The SCM v2 setup is pretty straightforward, but it does require .NET Framework 4.0 and a SQL Express database. If you don't have SQL Express installed already, you will get an option to install SQL Express as part of the setup wizard. You should also have Office (or the Word Viewer) installed to be able to read the SCM v2 word documents (guides). SCM v2 is available on this link: http://www.microsoft.com/download/en/details.aspx?displaylang=en&id=16776

  1. Install .NET Framework 4.0

  2. Install SQL Server 2008 R2 Express

  3. Install SCM v2

  4. Install the LocalGPO tool/script (LocalGPO.msi, available via Start / All Programs / Microsoft Security Compliance Manager / LocalGPO). Note: This utility is only needed if you want to create a GPO Pack from a machine configuration, or apply a GPO Backup to a machine. 

Step 2 - Configure the SCM baseline

In this sample you will create a custom version of the Enterprise Client security recommendations for Windows 7 (The Win7-EC-Desktop 1.0 security baseline) using SCM v2, and apply it to the local machine. Then you will create a GPO Pack from the local machine configuration.

  1. On your virtual machine, start the SCM console.

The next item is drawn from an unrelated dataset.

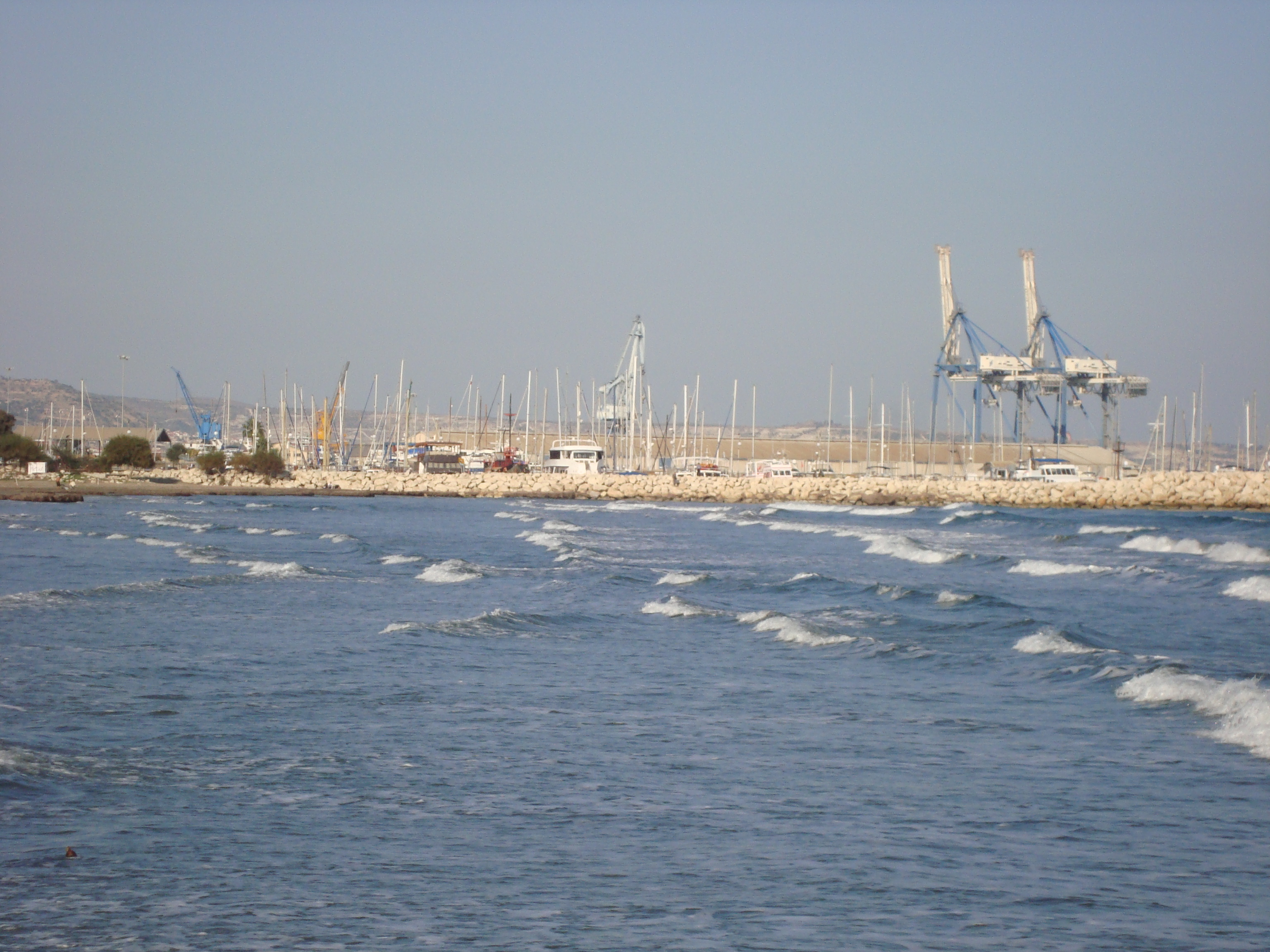 Busy Port of Larnaca Republic of Cyprus

  2. In the SCM Console, expand the Windows 7 node, select the Win7-EC-Desktop 1.0 security baseline, in the action pane, click Duplicate.

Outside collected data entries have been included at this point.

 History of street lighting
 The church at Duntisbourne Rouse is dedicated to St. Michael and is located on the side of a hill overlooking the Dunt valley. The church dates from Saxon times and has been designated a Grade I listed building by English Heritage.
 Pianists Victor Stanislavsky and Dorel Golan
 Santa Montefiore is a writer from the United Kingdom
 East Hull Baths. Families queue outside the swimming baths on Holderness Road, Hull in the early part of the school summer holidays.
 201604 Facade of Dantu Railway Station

    3.  Change the name and description some something useful, and click Save (I named mine "ViaMonstra Enterprise Desktop Win7").
    
    4.  Change the policies as needed, in the the below example I enabled the Remote Desktop Connection policy.



The custom baseline in SCM



Step 3 - Export the SCM baseline

  1. After changing the policies in your custom baseline, select your custom baseline, and in the Actions pane, click GPO Backup (folder).

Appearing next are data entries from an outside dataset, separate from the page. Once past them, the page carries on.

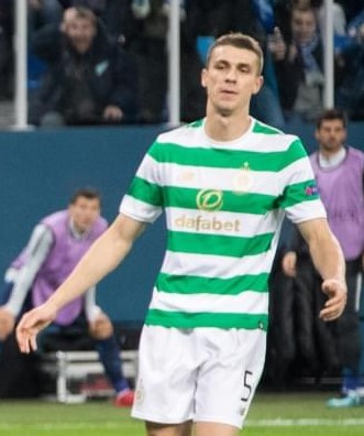 22.02.2018. Россия, Санкт-Петербург, стадион «Санкт-Петербург». Лига Европы УЕФА 2017/18, «Зенит» — «Селтик».
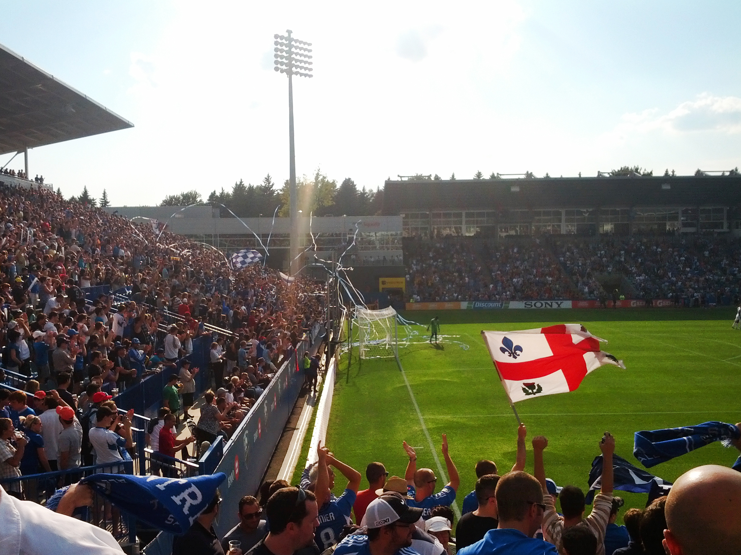 Montreal Impact supporters waving flags and celebrating a goal against visiting D.C. United in a 25 August 2012 Major League Soccer game at Saputo Stadiuml. Pictured: fan waving a Montreal city flag and D.C. United goalkeeper Bill Hamid.
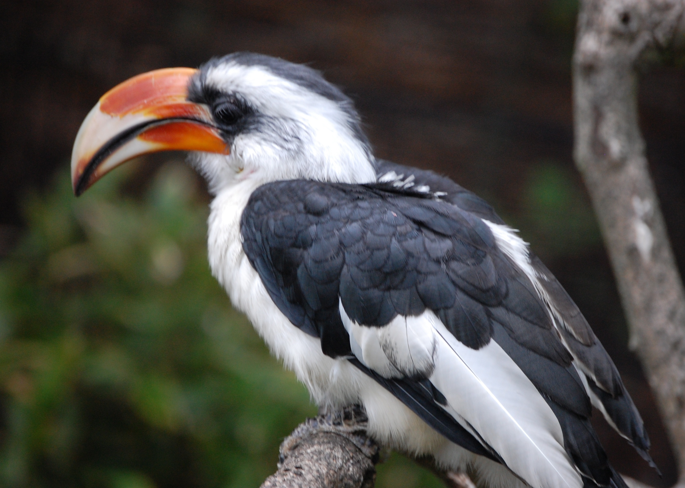 A male Von der Decken's Hornbill at London Zoo, England.
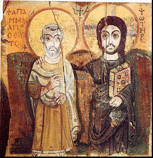 Christ and Saint Mina. 6th-century icon from Bawit, Egypt, now in the Louvre
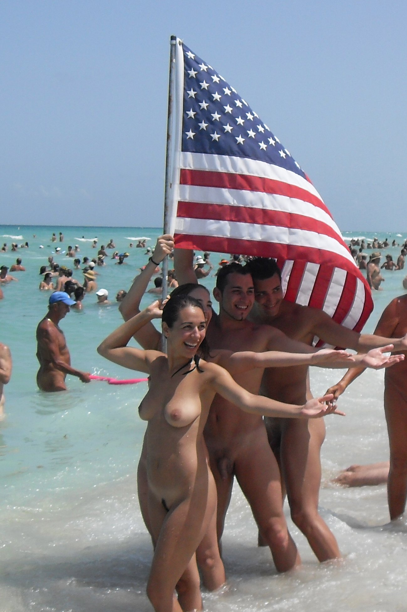 World record in skinny dipping at Haulover Beach, Florida.
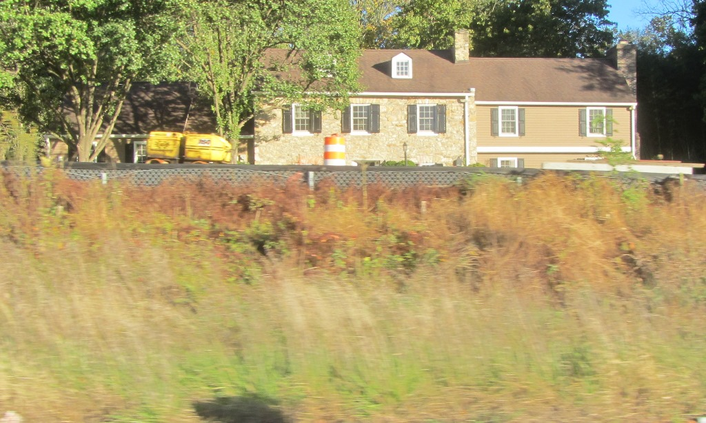 Oakland Mills Store and Dwelling. Circa 1798 Columbia, Maryland

  2. In the Browse For Folder dialog box, select a folder where you want you GPO Backup, I selected C:\GPOBackup on my machine.



The GPO Backup folder


Step 4 - Create the GPO Pack

  1. In your C:\GPOBackup folder, rename the new folder ({49ea86e8-5683-4f4e-814c-6bc7d03d62b1} in my example) to something useful (the name of your baseline for example). I named mine "ViaMonstra Enterprise Desktop Win7".
     
  2. Go to the <DeploymentShare>\Templates\GPOPacks folder, and copy the following files to C:\GPOBackup\ViaMonstra Enterprise Desktop Win7 
     
    GPOPack.wsf
    LocalPol.exe
    LocalSecurityDB.sdb



The completed GPO Pack



Step 5 - Configure MDT 2012 Beta 2 to deploy the GPO Package

The default GPO packs are stored in the <DeploymentShare>\Templates\GPOPacks folder. You use the GPOPackPath property to override the default path, the path specified in this property is relative to the Templates\GPOPacks folder.

1. Copy your GPO Pack to the <DeploymentShare>\Templates\GPOPacks folder.

2. Configure the GPOPackPath property with the GPO Pack folder name, in my example

GPOPackPath=ViaMonstra Enterprise Desktop Win7

Note: When setting the GPOPackPath property, MDT will no longer apply its default GPO Packs (unless you actually set the GPOPackPath to one of the default GPO Packs).




Optional Step - Create a GPO Pack using the LocalGPO tool

You can also create GPO Packs using the LocalGPO tool.

You can still use SCM v2 to create the baseline and apply it your machine, or just use the native Local Policy Editor. Anyway, the LocalGPO tool will export what you have on your local machine into a GPO Pack.

1. Create a GPO Pack from a local configuration by starting an elavated command prompt (Run as Administrator) and type following commands

cd /d "C:\Program Files (x86)\LocalGPO"

cscript.exe LocalGPO.wsf /Path:C:\GPOBackup /Export /GPOPack

2. Rename the new folder in C:\GPOBackup to something usefule (the name of your baseline for example). I named mine "ViaMonstra Enterprise Desktop Win7".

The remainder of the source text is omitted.